Berufsgenossenschaft für Gesundheitsdienst und Wohlfahrtspflege

Burn-out: Anzeichen erkennen und gegensteuern - BGW-Interview mit Sven Hannawald und Prof. Dr. Matthias Burisch

Burn-out: Anzeichen erkennen und gegensteuern - BGW-Interview mit Sven Hannawald und Prof. Dr. Matthias Burisch
Bewegtes Gespräch: Sven Hannawald (li.) und Björn Kähler trafen sich in einer Kletterhalle zum Interview. Weiterer Text über ots und www.presseportal.de/nr/77149 / Die Verwendung des Fotos ist nur im redaktionellen Zusammenhang mit dieser Pressemitteilung gestattet. Die Verwendung dieses Bildes ist für redaktionelle Zwecke honorarfrei. ...

Hamburg (ots) - Es kann jede und jeden treffen.
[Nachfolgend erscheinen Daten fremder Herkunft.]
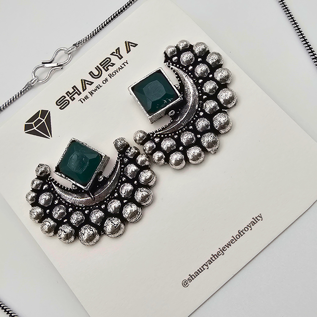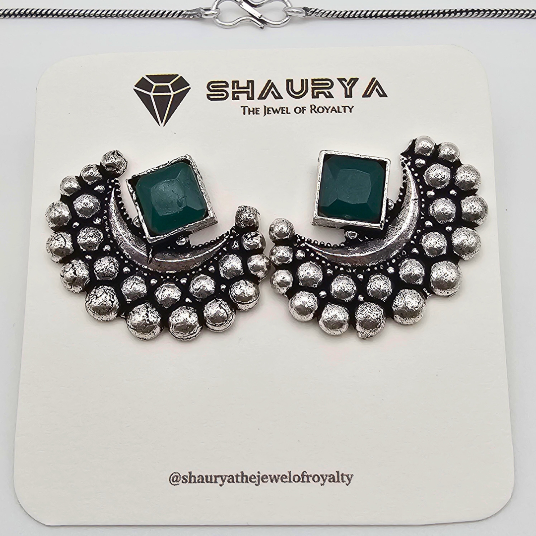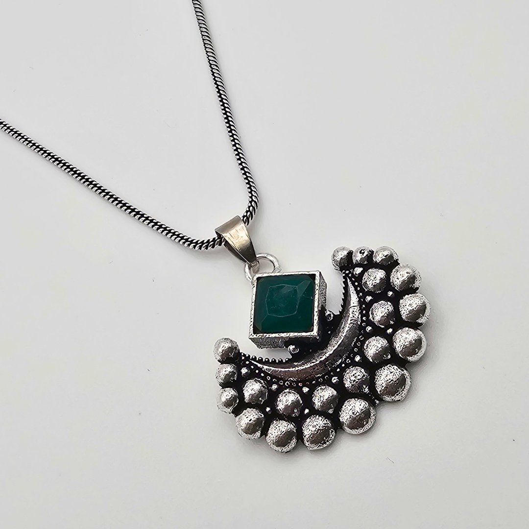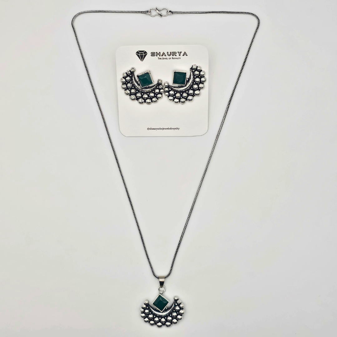 LunaMyst Oxidized Silver Crescent Moon Necklace Set – GREEN

Aber man ist ihm nicht hilflos ausgeliefert. Die Rede ist vom Burn-out, dem Ausgebranntsein, von dem in der Diskussion um psychische Belastungen und Erkrankungen häufig die Rede ist. Die Berufsgenossenschaft für Gesundheitsdienst und Wohlfahrtspflege (BGW) hat Interviews mit Skisprunglegende Sven Hannawald und mit dem Burn-out-Forscher Prof. Dr. Matthias Burisch geführt. Ergebnis ist eine Vielzahl von Tipps zum Thema.
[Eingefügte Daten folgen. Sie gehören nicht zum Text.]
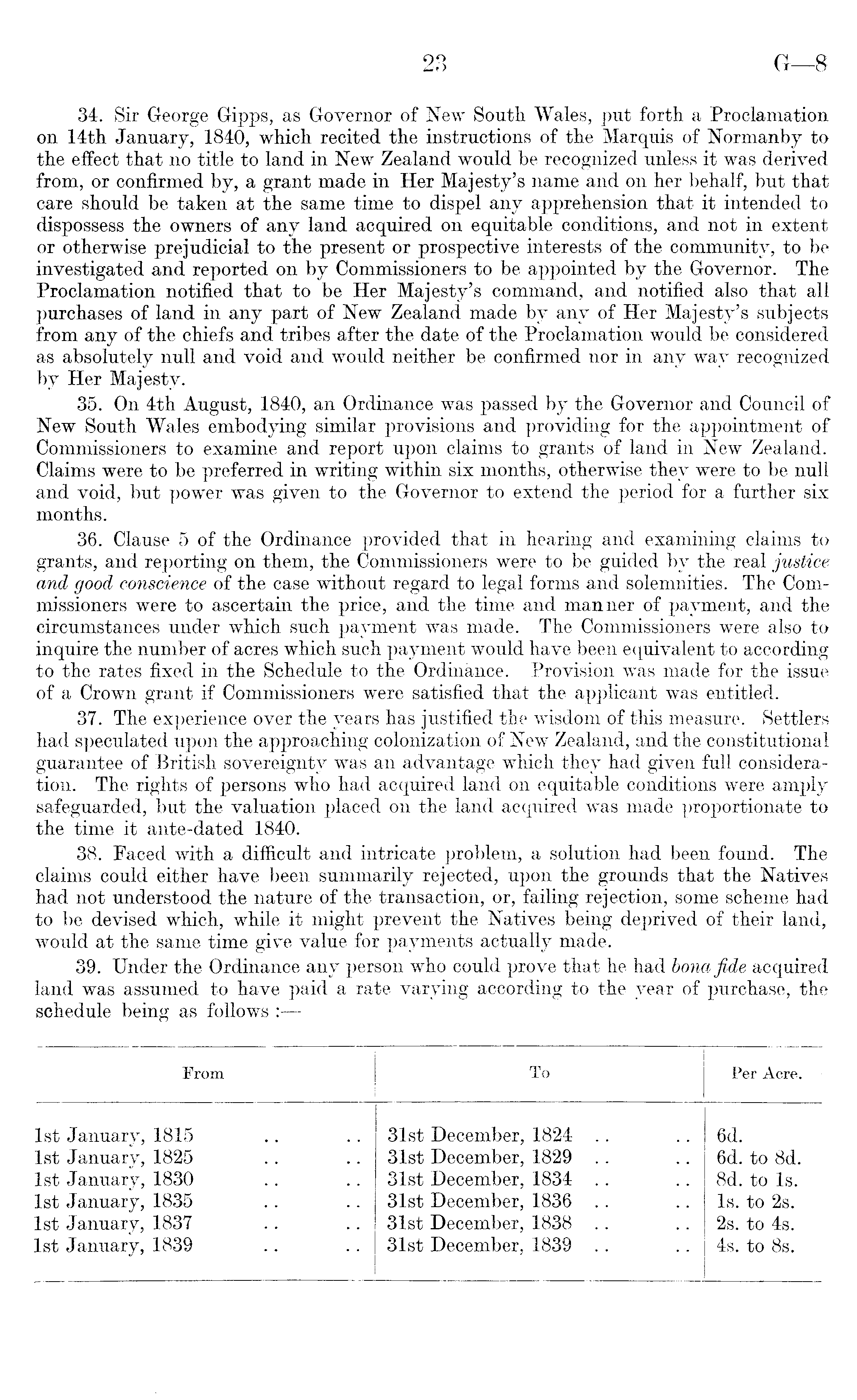 34. Sir George Gipps, as Governor of New South Wales, put forth a Proclamation on 14th January, 1840, which recited the instructions of the Marquis of Normanby to the effect that no title to land in New Zealand would be recognized unless it was derived from, or confirmed by, a grant made in Her Majesty's name and on her behalf, but that care should be taken at the same time to dispel any apprehension that it intended to dispossess the owners of any land acquired on equitable conditions, and not in extent or otherwise prejudicial to the present or prospective interests of the community, to be investigated and reported on by Commissioners to be appointed by the Governor. The Proclamation notified that to be Her Majesty's command, and notified also that all purchases of land in any part of New Zealand made by any of Her Majesty's subjects from any of the chiefs and tribes after the date of the Proclamation would be considered as absolutely null and void and would neither be confirmed nor in any way recognized by Her Majesty. 35. On 4th August, 1840, an Ordinance was passed by the Governor and Council of New South Wales embodying similar provisions and providing for the appointment of Commissioners to examine and report upon claims to grants of land in New Zealand. Claims were to be preferred in writing within six months, otherwise they were to be null and void, but power was given to the Governor to extend the period for a further six months. 36. Clause 5 of the Ordinance provided that in hearing and examining claims to grants, and reporting on them, the Commissioners were to be guided by the real justice and good conscience of the case without regard to legal forms and solemnities. The Commissioners were to ascertain the price, and the time and manner of payment, and the circumstances under which such payment was made. The Commissioners were also to inquire the number of acres which such payment would have been equivalent to according to the rates fixed in the Schedule to the Ordinance. Provision was made for the issue of a Crown grant if Commissioners were satisfied that the applicant was entitled. 37. The experience over the years has justified the wisdom of this measure. Settlers had speculated upon the approaching colonization of New Zealand, and the constitutional guarantee of British sovereignty was an advantage which they had given full consideration. The rights of persons who had acquired land on equitable conditions were amply safeguarded, but the valuation placed on the land acquired was made proportionate to the time it ante-dated 1840. 38. Faced with a difficult and intricate problem, a solution had been found. The claims could either have been summarily rejected, upon the grounds that the Natives had not understood the nature of the transaction, or, failing rejection, some scheme had to be devised which, while it might prevent the Natives being deprived of their land, would at the same time give value for payments actually made. 39. Under the Ordinance any person who could prove that he had bona fide acquired land was assumed to have paid a rate varying according to the year of purchase, the schedule being as follows :

Sven Hannawald spricht aus Erfahrung: Der Gewinner aller vier Springen der Vierschanzentournee 2002 beendete 2004 aufgrund eines Burn-outs seine Karriere als Profi-Sportler und arbeitet nach seinem Weg aus der Krise als Vortragsredner, Autor und Berater für Burn-out-Prävention. Prof. Dr. Matthias Burisch lehrte an der Universität Hamburg Psychologie und berät heute Institutionen wie Einzelpersonen zur Vermeidung von Burn-out-Prozessen. Mit beiden traf sich Björn Kähler, Networker und Projektmanager bei der BGW, zum Gespräch.
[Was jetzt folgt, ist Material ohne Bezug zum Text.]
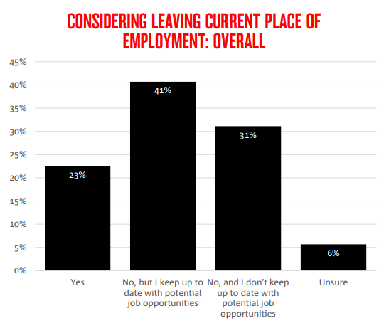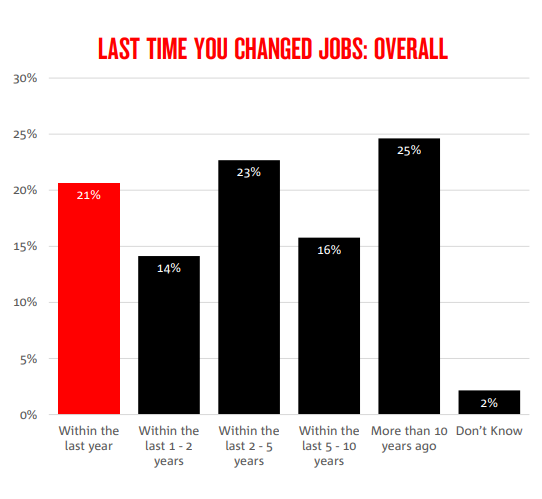 Just over 1 in 5 [21% of] Australians have changed jobs within the last year and almost 1 in 4 [23%] are considering leaving their current place of employment…

BGW: Wie erkennt man ein drohendes Burn-out?

Sven Hannawald: "Ich war völlig erschöpft, hatte an nichts mehr Freude. Auch ein Urlaub hat da nichts gebracht, keine tiefere Erholung mehr. Wenn ich eine Entscheidung treffen musste, bekam ich ein ganz flaues Gefühl im Magen. Dabei ging es manchmal nur um ganz alltägliche Dinge, darum, ob ich nun Joggen gehe oder doch lieber einen Film schaue."

Prof. Dr. Matthias Burisch: "Bei Diagnosen neigen wir zum Schwarz-Weiß-Denken: Man hat was oder eben nicht. Aber ab wann man von einem Burn-out spricht, das ist eben auch Ermessenssache. Vernünftiger ist es, zu sagen, jemand steckt in einem Burn-out-Prozess, der mehr oder weniger weit fortgeschritten ist. Die Alarmglocken sollten läuten, wenn man sich am Feierabend, am Wochenende oder im Urlaub überhaupt nicht mehr richtig erholt."

BGW: Wie kommt es überhaupt zu einem Burn-out?

Prof. Dr. Burisch: "Im Prinzip kann alles, was uns gründlich gegen den Strich geht, sich aber nicht so leicht abstellen lässt, einen Burn-out-Prozess in Gang setzen - beruflich wie privat. Die Stressforschung spricht da von einer mangelnden Person-Umwelt-Passung. Wer ausbrennt, hat subjektiv betrachtet viel zu lange viel zu viel gegeben und zu wenig zurückbekommen. Das kann Menschen in Sozial- und Dienstleistungsberufen ebenso betreffen wie Alleinerziehende oder Hausfrauen. Diese Menschen erleben eine Gratifikationskrise. Oft fehlt es einfach an Anerkennung und Wertschätzung."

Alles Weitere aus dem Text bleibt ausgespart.